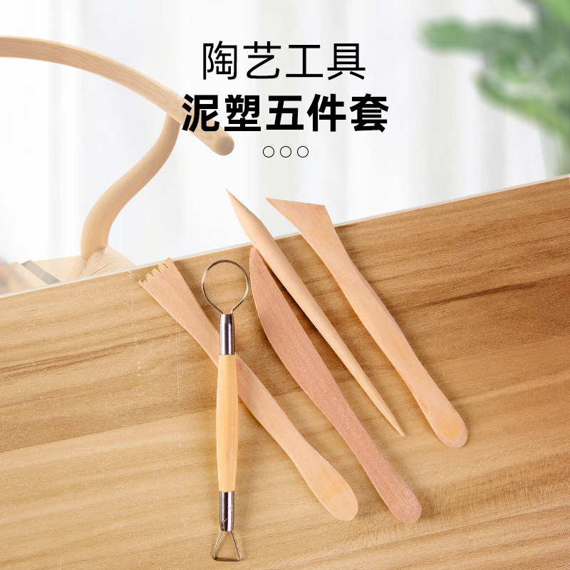 陶艺工具5件套 实木五件套陶瓷制作工具套装陶泥粘土泥塑制陶工具
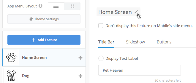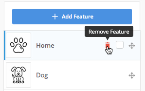 If you no longer want a menu item, just hover over it, then click the Remove Feature icon. As a pop-up appears confirming your decision to remove the menu item, click Yes to confirm.
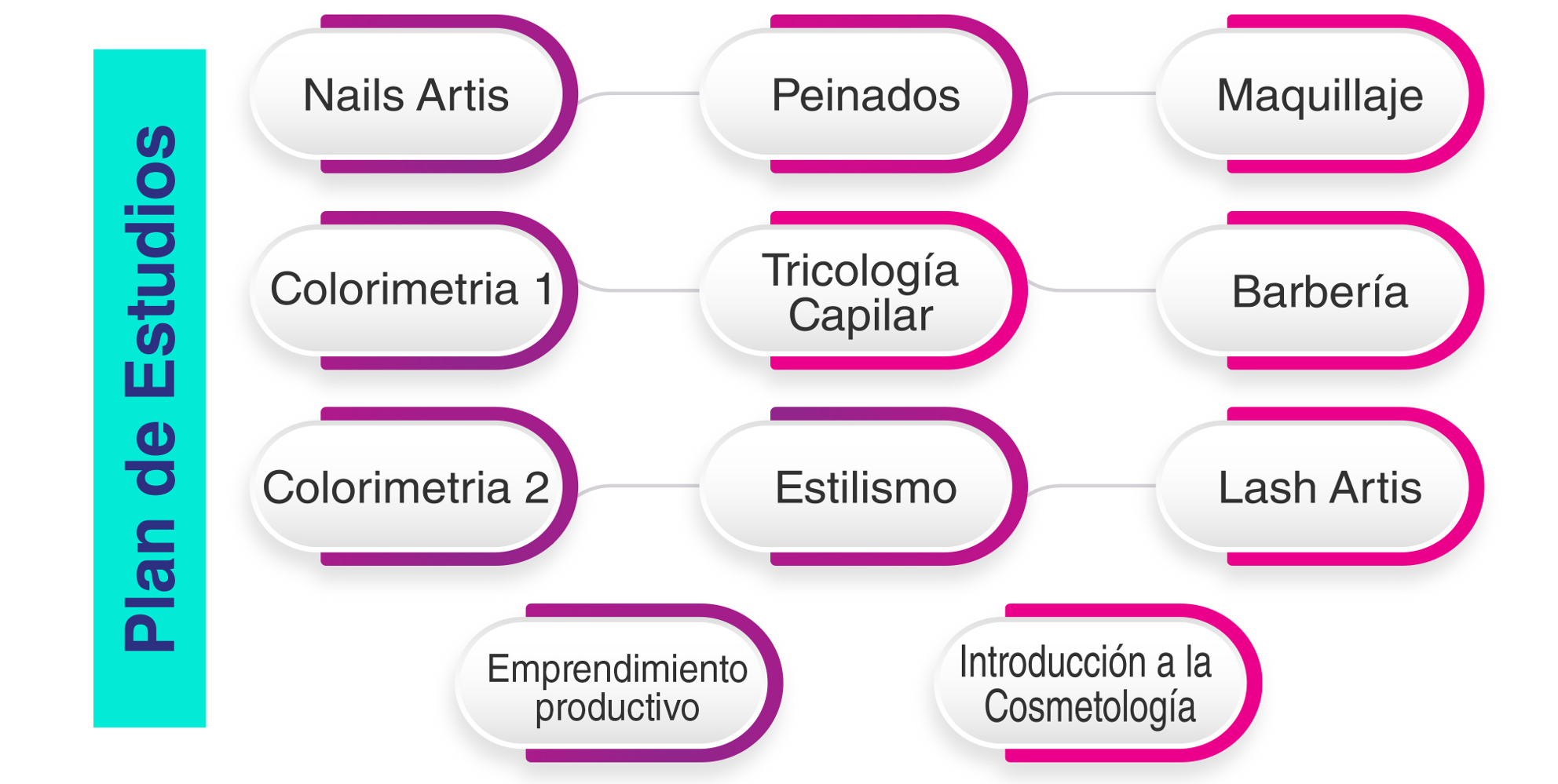 Módulo de Nail Artist, Peinados, Moños, Trenzas, Recogidos y Cepillados para toda ocasión - Cambios estructurales como Alisado con queratina, permanentes, botox y mucho más. Cortes de Cabello profesional para damas y caballeros, 0 grados, 90 grados, 180 grados. Maquillaje desde 0 y técnicas avanzadas, cejas perfectas, colocaión de pestañas, contornos, maquillaje para eventos, delineado y visajismo. Especialízate en colorímetria, aprende a realizar bases, mechas, marmoleados, balayage áy ms tendencias.
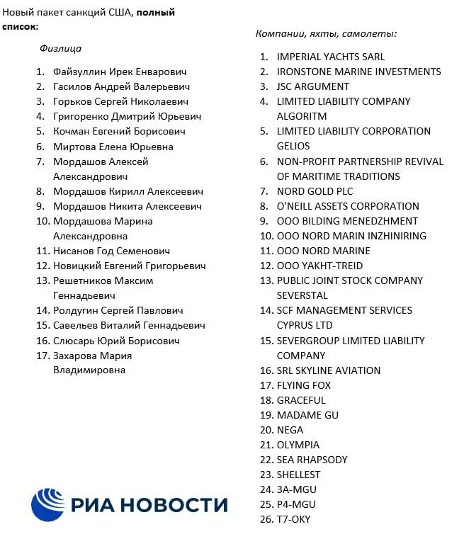 Тем временем, Минфин США расширил санкционный список против России. «Черную метку» получили Мария Захарова и еще 16 россиян.
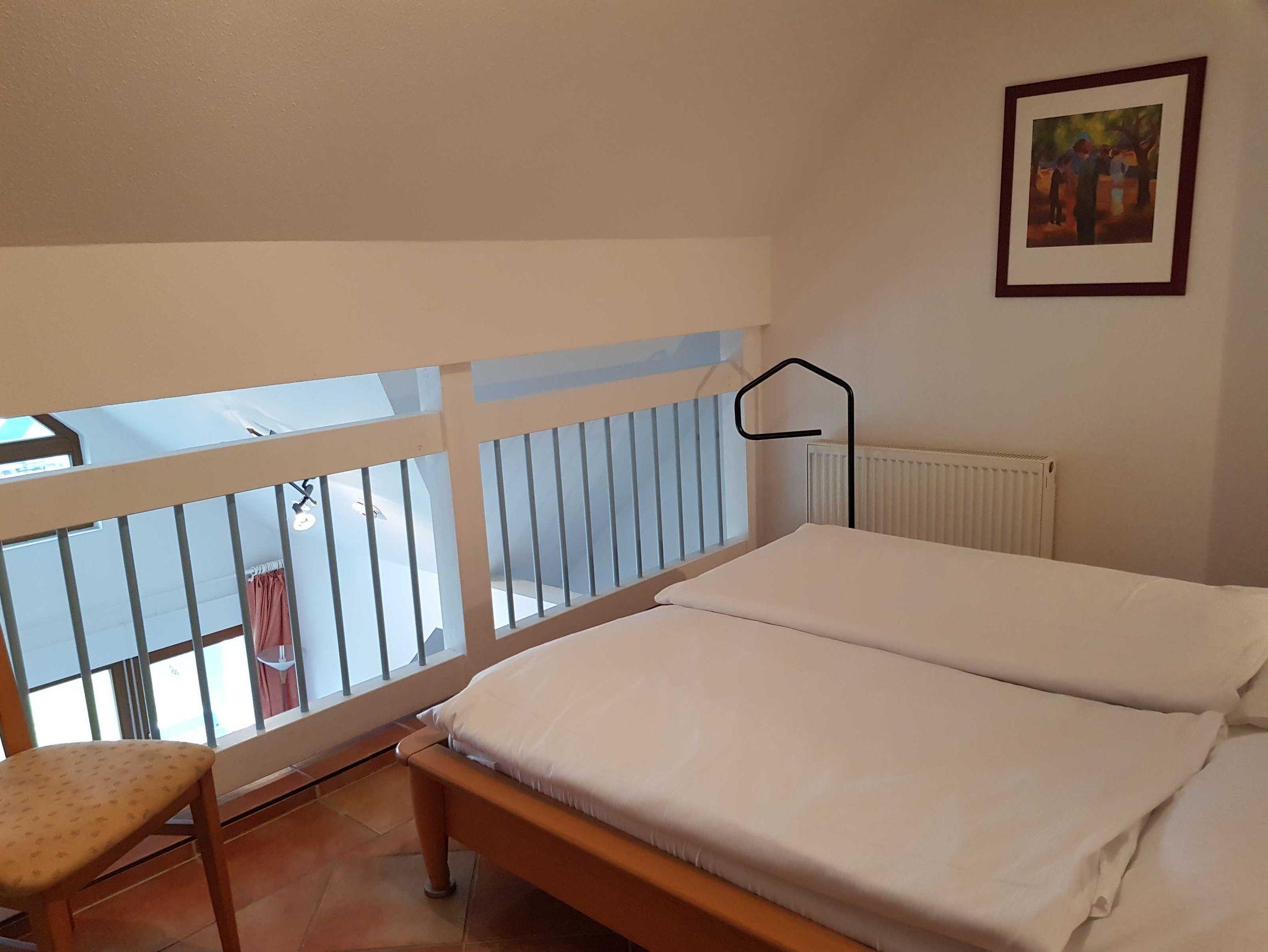 Große offene Maissonette Wohnung mit Balkon und Blick auf den Neuensiener See. Im oberen Teil befindet sich ein Doppelbett und kleines Kinderschlafzimmer. Im unteren Teil ist das Wohnzimmer mit Küchenzeile und anschließendem Bad mit Dusche , WC. Balkon mit Sitzgelegenheiten. Die Betten sind bei Anreise bezogen. Handtücher, soweit nicht selbst mitgebracht, können zusätzlich gemietet werden.
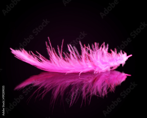 Obraz premium Pink bird feather on black background.
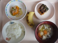 焼き鯖 かぼちゃのそぼろ煮 のっぺい汁 ごはん バナナ |

(What to produce): From the line containing "Módulo de Nail" to the end of the listing, restate each line word for word and nothing more; the pictures stay out.

(Reply):
 Módulo de Nail Artist, Peinados, Moños, Trenzas, Recogidos y Cepillados para toda ocasión - Cambios estructurales como Alisado con queratina, permanentes, botox y mucho más. Cortes de Cabello profesional para damas y caballeros, 0 grados, 90 grados, 180 grados. Maquillaje desde 0 y técnicas avanzadas, cejas perfectas, colocaión de pestañas, contornos, maquillaje para eventos, delineado y visajismo. Especialízate en colorímetria, aprende a realizar bases, mechas, marmoleados, balayage áy ms tendencias.
 Тем временем, Минфин США расширил санкционный список против России. «Черную метку» получили Мария Захарова и еще 16 россиян.
 Große offene Maissonette Wohnung mit Balkon und Blick auf den Neuensiener See. Im oberen Teil befindet sich ein Doppelbett und kleines Kinderschlafzimmer. Im unteren Teil ist das Wohnzimmer mit Küchenzeile und anschließendem Bad mit Dusche , WC. Balkon mit Sitzgelegenheiten. Die Betten sind bei Anreise bezogen. Handtücher, soweit nicht selbst mitgebracht, können zusätzlich gemietet werden.
 Obraz premium Pink bird feather on black background.
 焼き鯖 かぼちゃのそぼろ煮 のっぺい汁 ごはん バナナ |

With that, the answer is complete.